Monday, May 2 - the adventure starts off a bit damply

Auckland is a wonderful gateway city for travelers.  It sits right on the water, and many of its main avenues, like Queen Street, run from the hills on the outskirts of the CBD right down to the harbor's edge.  When the wind is blowing fiercely in Auckland, as it is today, it feels like the whole city might just sail away, along with the hundreds of vessels moored in the harbor.  

  Because so many tourists come into town on boats and cruise ships,  the restaurants, bars and coffeehouses situated at the water's edge, on Custom Street, for example, are packed with tour groups speaking German, French, or U.K.-accented English.  They enter these small shops en masse, temporarily wreaking chaos with dozens of orders, their suitcases and backpacks everywhere...and then, just moments later, their group leader gives the signal, and they are all gone, leaving only tables-full of empty cups, saucers and glasses.  If you're not a tour group member, as we are not, it's like swimming in the ocean...a wave comes in, washes over us, then recedes, leaving us in relative peace and quiet.  

We are here today, the first of a couple of days in Auckland, before we take our flight to Beijing.  We left our home in the Hokianga during a storm with gale-force winds and driving rain, and here, almost five hours by car south, the storm is just as powerful.  No matter, we are officially on our way on a two-month journey that just begins in Beijing, and I confess to being excited... in fact, wicked excited.  

Today, wet and chilled from the storm, it's easy to remember our biking trip through the Connemara, in Ireland, several years ago.  We were there for about two weeks, and it rained, sometimes gently and more often rather violently, for all but three days.  There were times the winds off the waters, as we biked along the coastal roads, were so powerful that it was a challenge just to stay upright on the bike, let alone to make any progress.  Several times, we were forced to give up the struggle, and call for a taxi to pick us up and drive us to our hotel for the night.  After a good meal and a rest, we would get going the next morning, in the rain, once again.  

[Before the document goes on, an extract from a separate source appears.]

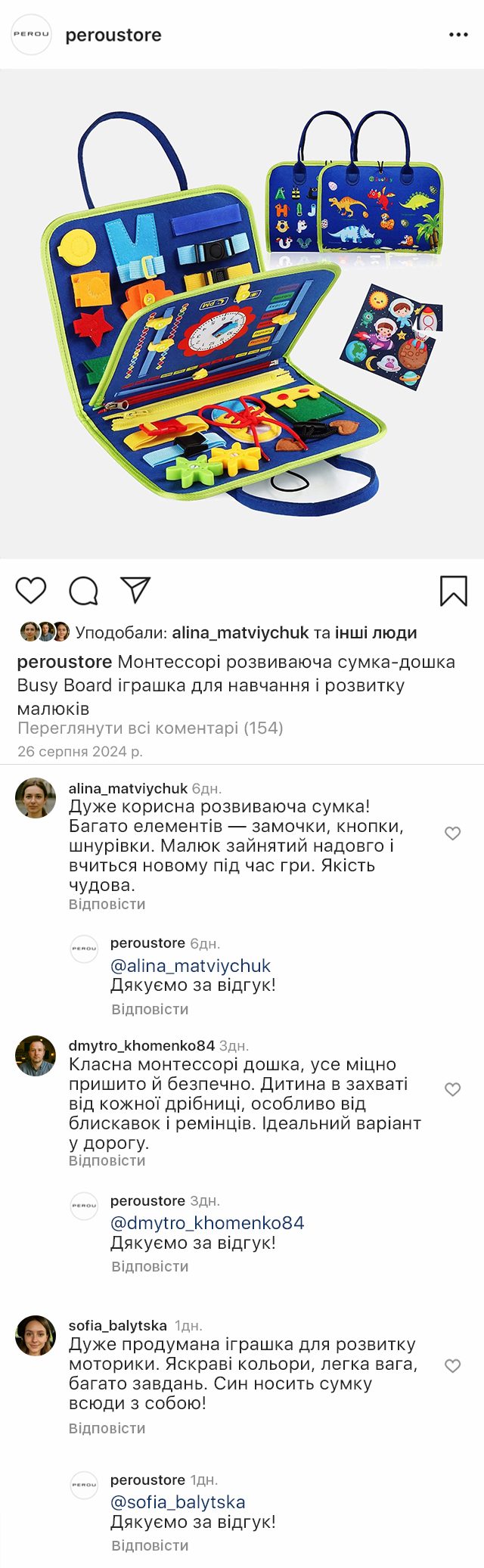 Монтессорі розвиваюча сумка-дошка Busy Board — це яскрава та захоплююча іграшка, яка допомагає малюкам розвивати моторику, логіку та увагу. Кожна деталь дошки продумана так, щоб дитина могла вчитися застібати блискавки, кнопки, пряжки та шнурки, тренуючи при цьому пальчики та координацію.

For our China trip, we will have a back-up vehicle, so we won't have to call for a cab...he will be there, behind us by no more than an hour or so, most likely smoking  hacking, and spitting, to pass the (for him) boring days waiting for us to reach our biking limits, so he can pick us up and take us to our evening's destination, where dinner and a stiff drink of the local liquor await all of us.  But what makes it easy to remember Ireland today is that the challenge of these months of biking is largely unknown at this time, as we've never biked in Northern China before.  Will the trials come from the air pollution and haze, or from steep mountain roads, or hot and dusty deserts?  Tali has just told me that the worst sandstorm in nine years has just hit Lanzhou, Xinjiang Province, which is directly on our route, destroying over five hundred houses.  So  I know it won't be easy, however the conditions are when we arrive there,  and I just hope that I will be able to participate joyously in the task at hand.